Star Bases appear in several sectors of the map, and are prime targets for Zylon forces.  Pay attention to your subspace radio and make sure that when a Star Base comes under attack you get to that sector quickly.  If Zylon forces destroy a Star Base you'll loose its services for the rest of the game (and you'll need them!).  To dock with Star Base for repairs or refueling line up the base in your sight and make sure your horizontal and vertical coordinates are at + or - 3.  Slowly approach the Star Base until the distance reads 0, then cut your engines.  If all went well you'll get a message say "Orbit Established" and a little ship will come out, if not try again.

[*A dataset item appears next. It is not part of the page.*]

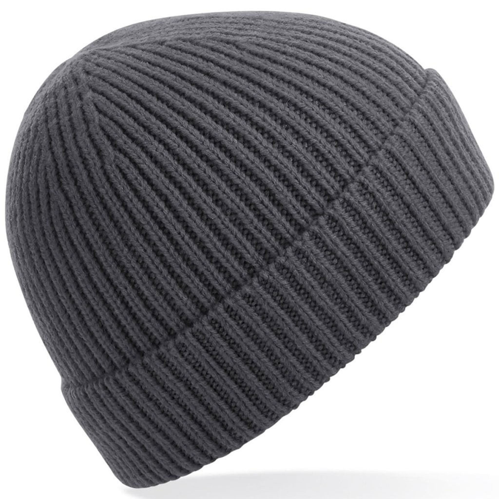 A stylish and high-quality ribbed hat with detailed and robust knitting.
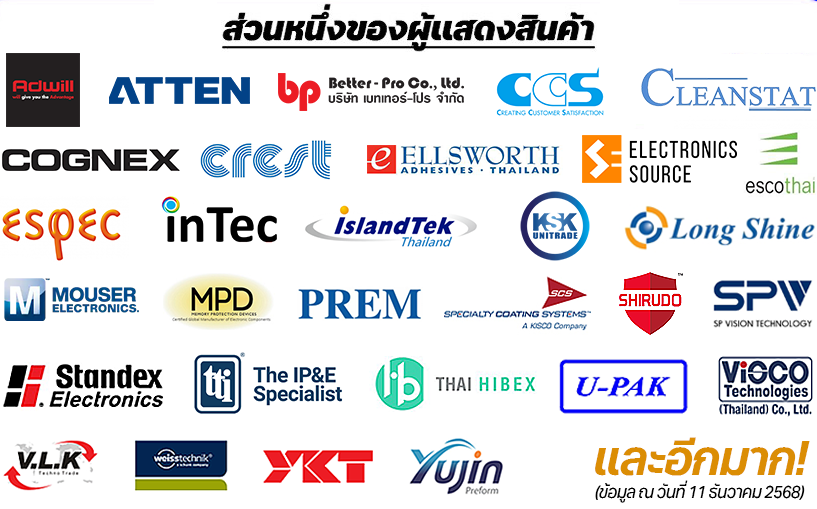 eNewsletter 4 ร่วมข้ามขีดจำกัดทางธุรกิจ พิชิตตลาดที่ใหญ่กว่าในภูมิภาคเพื่อสร้างเสริมธุรกิจที่เข้มแข็ง ร่วมกับผู้ให้บริการด้านเทคโนโลยีเพื่อการผลิตชิ้นส่วนอิเล็กทรอนิกส์ชั้นนำ ที่ยืนยันเข้าร่วมแสดงสิน...

The Galactic Chart also allows you to choose your hyperwarp destination.  By moving the cursor to a new sector on the map and pressing the hyperwarp button, you will begin the hyperwarp process.  The amount of energy the hyperwarp will take is displayed at the bottom of the screen as Warp Energy (make sure you have enough!).  Unfortunately for you, Hyperwarping isn't an exact science.  You're going to have to steer your ship through out the jump.  To steer, make sure you keep the warp icon lined up between your crosshairs until the warp ends.  If you didn't keep it lined up you may end up in a different sector than you planned.

The rest of the game is pretty simple.  Hunt down and destroy all the Zylon ships in the galaxy.  There are three different types of ships that you'll encounter: Fighters, Cruisers, and Basestars.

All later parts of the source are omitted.